- _Work instructions_
All lines below must be repeated exactly, with the pictures omitted.

- _Records provided_
+---+

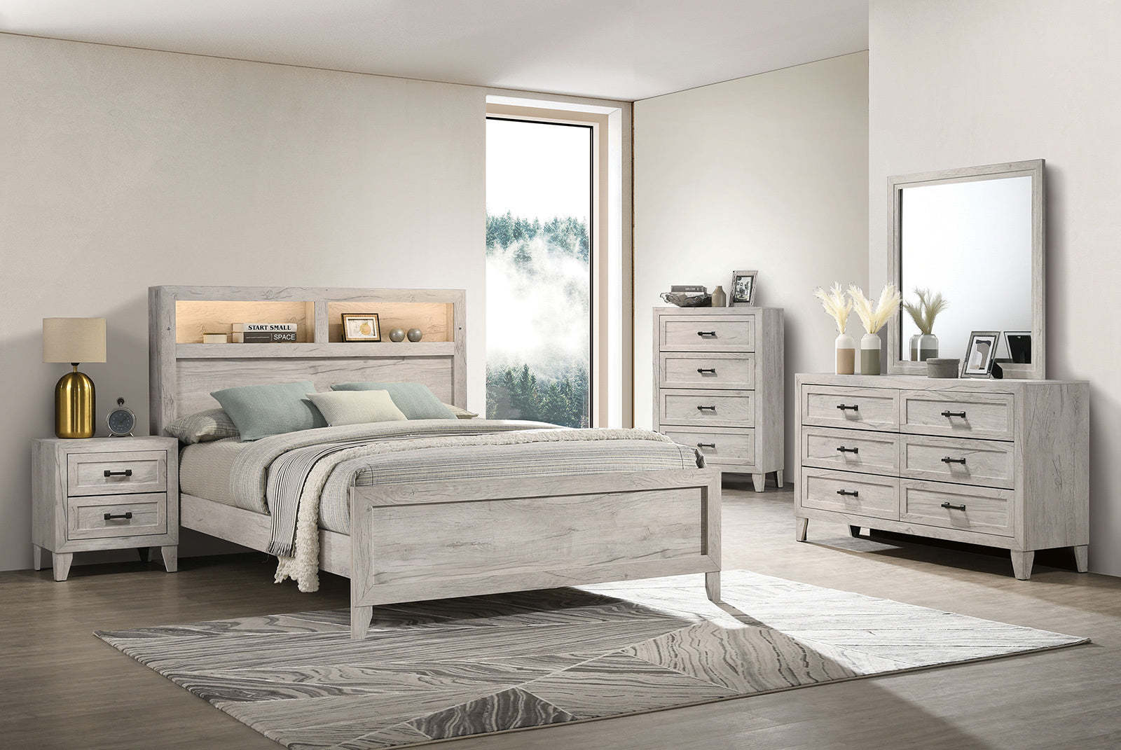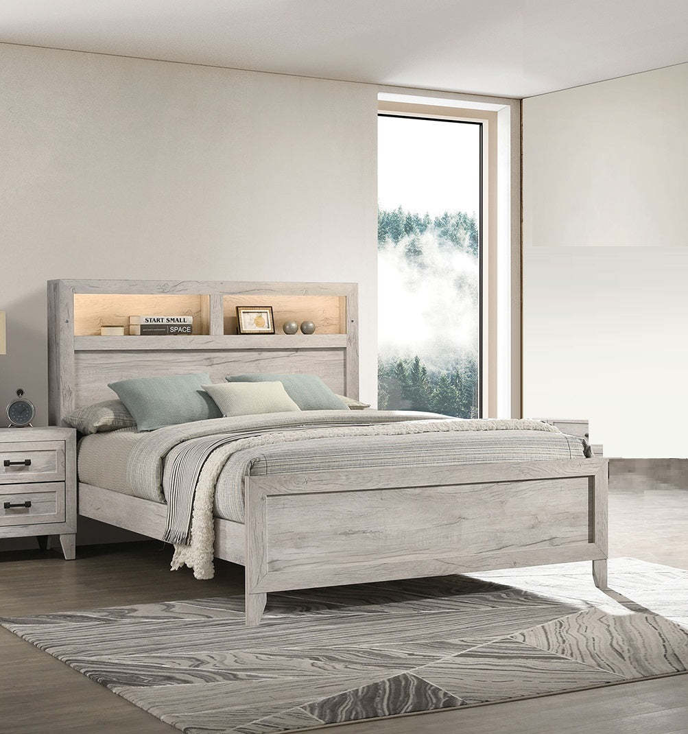 White Wash Queen Bed w/ Headboard, Shelves & LED Light - Contemporary
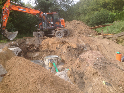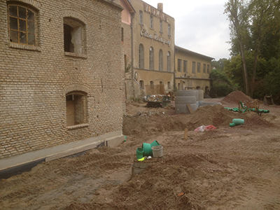 Südseite der Walkmühle: Kanal- und Entwässerungsarbeiten.
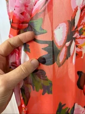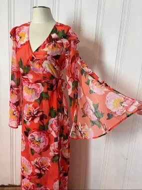 The vibrant coral base with oversized floral print makes this piece incredibly eye-catching, while the flowy silhouette adds drama and elegance with every step.
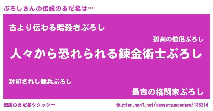 | 女子向けラノベタイトル風あだ名 | 『ぶろし夫妻のなれそめ』『闇のぶろし』 |
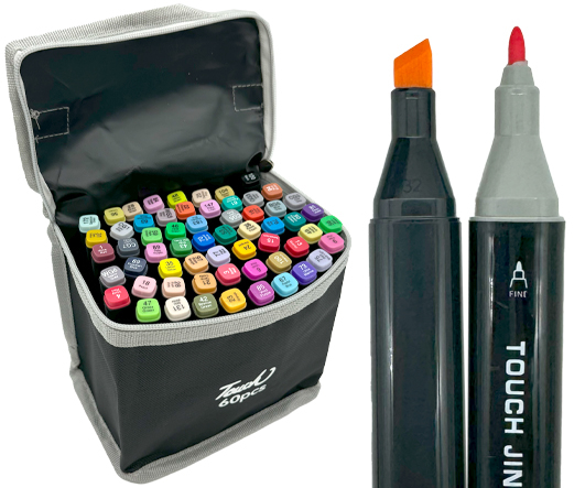Скетч-маркеры 60 цв. DH-20 Двусторонний (овальный+скошенный) черный квадратный корпус, в текстильной сумке (1/24)
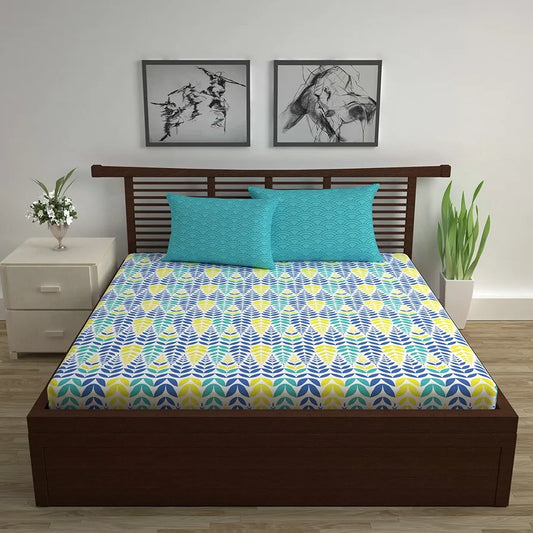 Divine Casa 144 TC Super Soft 100% Cotton Bedsheet for Double Bed 144 Thread Count Geometric Colour Blue Lagoon
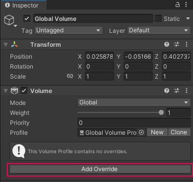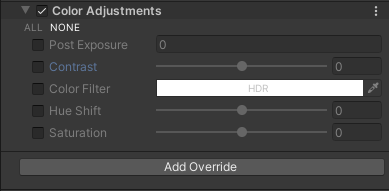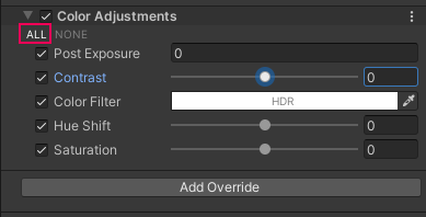 Each effect that you add to a volume is contained in a separate override that adjusts the volume’s settings.
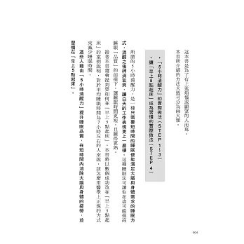 首先會介紹「提高睡眠品質」的方法,那就是「5小時清醒力」,讓你在短時間的睡眠中,也能享有良好睡眠品質(而且從剛起床到一整個白天都能神清氣爽,精力充沛)。
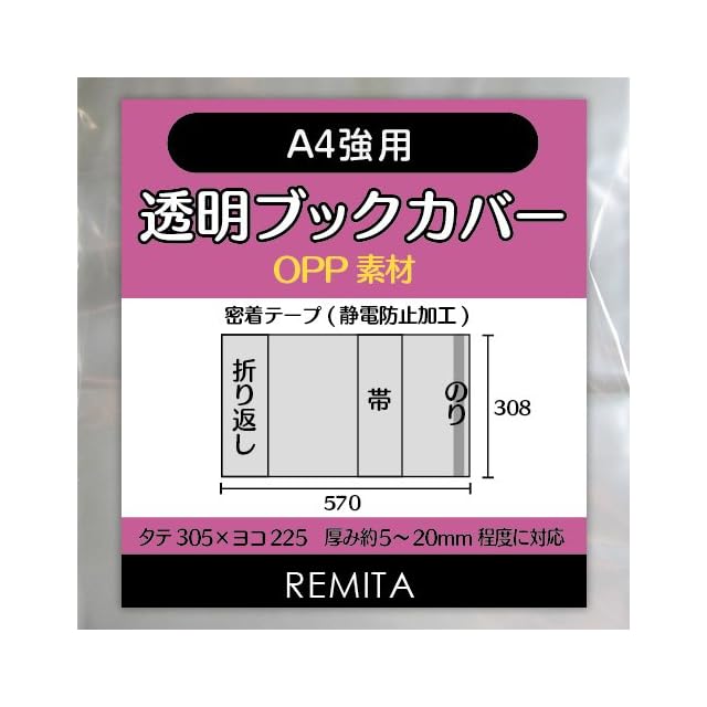 商品名:REMITA 透明ブックカバー A4強用(例:楽譜・美術書など) 15枚 OPP素材 BC15A4HOP
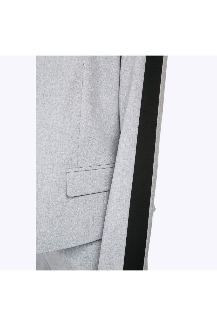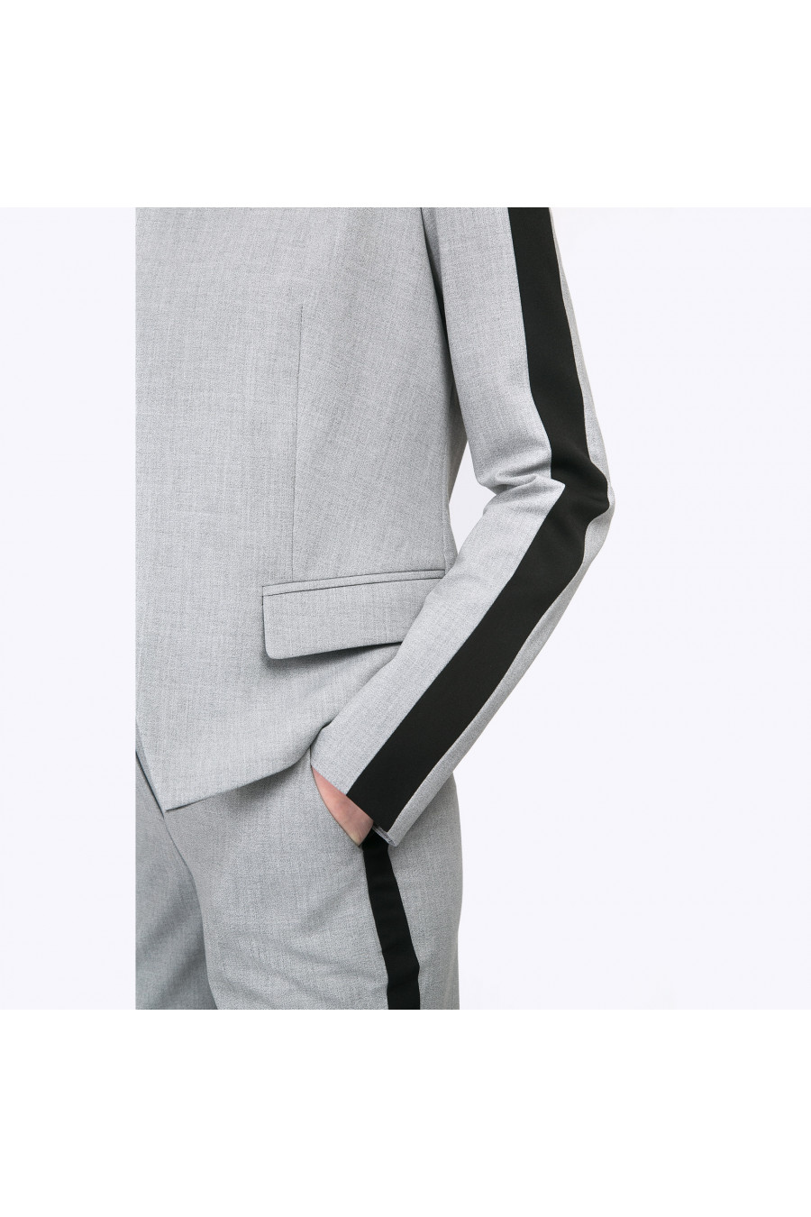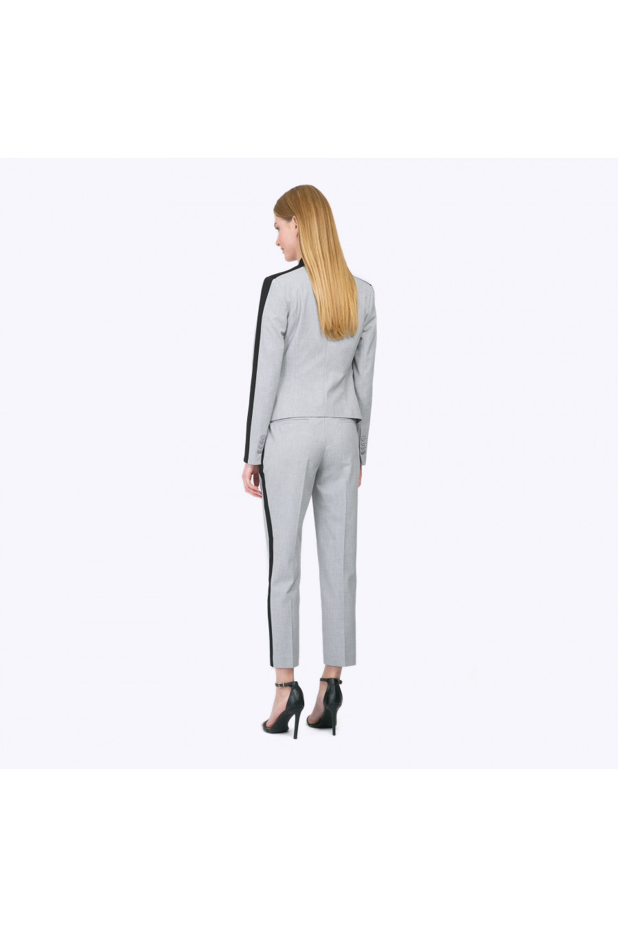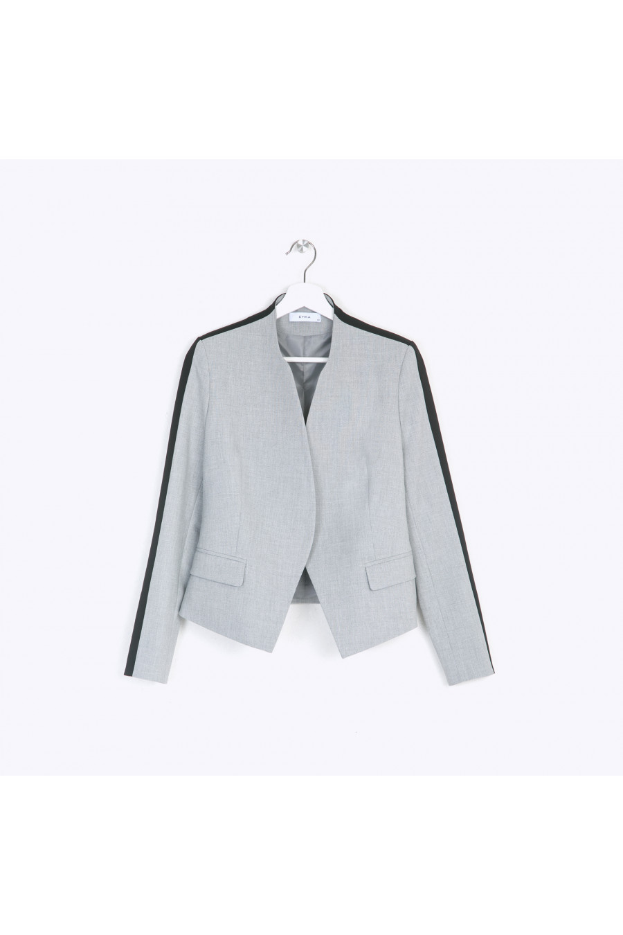 Укороченный серый жакет без пуговиц оригинального кроя. Лаконичная конструкция модели с плавными линиями в сочетании с неожиданным чёрным кантом вдоль рукава выглядит удивительно современно и свежо. В комплекте с базовой серой, чёрной или белой футболкой получаем гармоничный спортивно-деловой стиль. Образ на фото дополнен блузкой B2340-nastra

+---+

- _Result_
 White Wash Queen Bed w/ Headboard, Shelves & LED Light - Contemporary
 Südseite der Walkmühle: Kanal- und Entwässerungsarbeiten.
 The vibrant coral base with oversized floral print makes this piece incredibly eye-catching, while the flowy silhouette adds drama and elegance with every step.
 | 女子向けラノベタイトル風あだ名 | 『ぶろし夫妻のなれそめ』『闇のぶろし』 |
Скетч-маркеры 60 цв. DH-20 Двусторонний (овальный+скошенный) черный квадратный корпус, в текстильной сумке (1/24)
 Divine Casa 144 TC Super Soft 100% Cotton Bedsheet for Double Bed 144 Thread Count Geometric Colour Blue Lagoon
 Each effect that you add to a volume is contained in a separate override that adjusts the volume’s settings.
 首先會介紹「提高睡眠品質」的方法,那就是「5小時清醒力」,讓你在短時間的睡眠中,也能享有良好睡眠品質(而且從剛起床到一整個白天都能神清氣爽,精力充沛)。
 商品名:REMITA 透明ブックカバー A4強用(例:楽譜・美術書など) 15枚 OPP素材 BC15A4HOP
 Укороченный серый жакет без пуговиц оригинального кроя. Лаконичная конструкция модели с плавными линиями в сочетании с неожиданным чёрным кантом вдоль рукава выглядит удивительно современно и свежо. В комплекте с базовой серой, чёрной или белой футболкой получаем гармоничный спортивно-деловой стиль. Образ на фото дополнен блузкой B2340-nastra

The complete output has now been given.